Bladder stones are hard clusters of minerals that form when concentrated urine crystallizes. They may develop if a patient has difficulty completely emptying their bladder.
Small stones may pass without treatment, but others may require medication or surgery.
Symptoms of Bladder Stones
Occasionally, bladder stones don’t cause problems. But if a stone irritates the bladder wall or blocks the flow of urine, patients may develop the following symptoms:
- Pain in the lower abdomen
- Pain during urination
- Need to urinate frequently
- Difficulty urinating or interrupted urine flow
- Blood in the urine
- Cloudy or unusually dark-colored urine
Left untreated, bladder stones can lead to complications, which may include chronic bladder problems and urinary tract infections.
When the bladder doesn’t completely empty, the remaining concentrated urine may form bladder stones. Some infections and underlying conditions may lead to bladder stones.

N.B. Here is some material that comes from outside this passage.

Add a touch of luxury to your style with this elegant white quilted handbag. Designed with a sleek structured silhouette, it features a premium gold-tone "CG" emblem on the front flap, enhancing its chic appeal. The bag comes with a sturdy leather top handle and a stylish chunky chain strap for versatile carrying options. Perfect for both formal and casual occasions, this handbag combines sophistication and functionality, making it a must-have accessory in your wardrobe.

Foreign materials in the bladder may also cause the condition. The most common causes of bladder stones include:
- Prostate gland enlargement. Men can develop bladder stones if they have an enlarged prostate that obstructs the flow of urine and prevents the bladder from emptying completely.

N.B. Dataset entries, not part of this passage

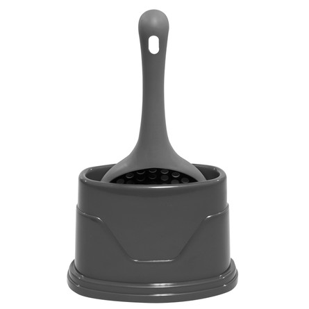 Универсальный совок для кошачьих туалетов с круглыми ячейками и подставкой подойдет для всех типов наполнителей. Изделие не впитывает запахи и легко чистится под водой при помощи моющих средств. Совок укомплектован напольной подставкой, которая не занимает много места. Цвет изделия: темно-серый. Размер совка: 262*112*43мм. Размер подставки: 170*115*95мм.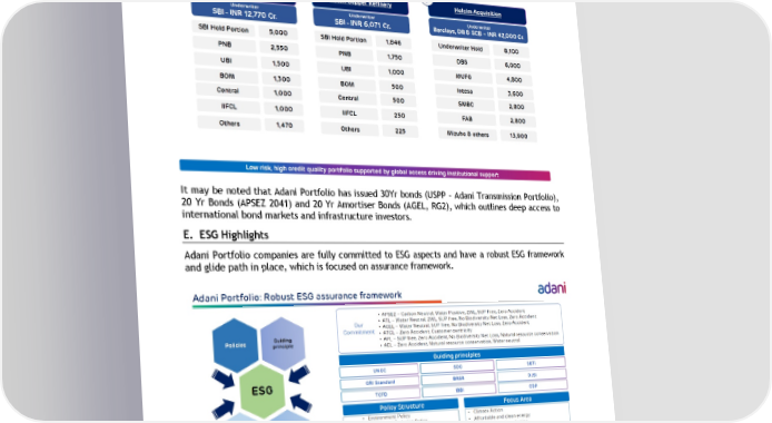 Further, Adani Portfolio companies have demonstrated successful syndication of the banking transactions, resulting in de -risking of the banks in volatile markets. Case in point being Holcim Acquisition t o international banks, Navi Mumbai Airport and Kutch Copper refinery to domestic banks. It may be noted that Adani Portfolio has issued 30Yr bonds (USPP – Adani Transmission Portfolio), 20 Yr Bonds (APSEZ 2041) and 20 Yr Amortiser Bonds (AGEL, RG2), which outlines deep access to international bond markets and infrastructure investors. E. ESG Hi ghlights Adani Portfolio companies are fully committed to ESG aspects and have a robust ESG framework and glide path in place, which is focused on assurance framework.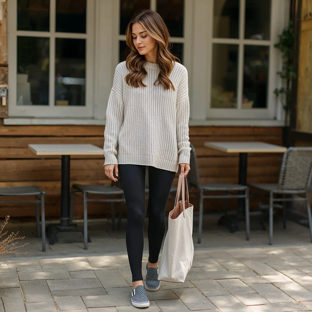 The trick to nailing sporty luxe is making your athletic pieces look intentional, not like you just rolled out of yoga class (even if you did). Pair those high-quality leggings with an oversized cashmere sweater and leather jacket. Add some sleek sunglasses and minimalist jewelry, and suddenly you’re not lazy – you’re fashion-forward.

- Damaged nerves. Nerves play an important role in bladder function, carrying messages from the brain to the bladder muscles and directing the tightening and release of the muscles. Damage to the nerves, caused by a stroke, spinal cord injury, or other health issue, may lead to a neurogenic bladder.
Bladder stones may also be caused by inflammation, medical devices, and kidney stones. Urinary tract infections or radiation therapy may cause bladder inflammation, leading to bladder stones. Mineral crystals may also form on bladder catheters, contraceptive devices, or urinary stents and grow into bladder stones.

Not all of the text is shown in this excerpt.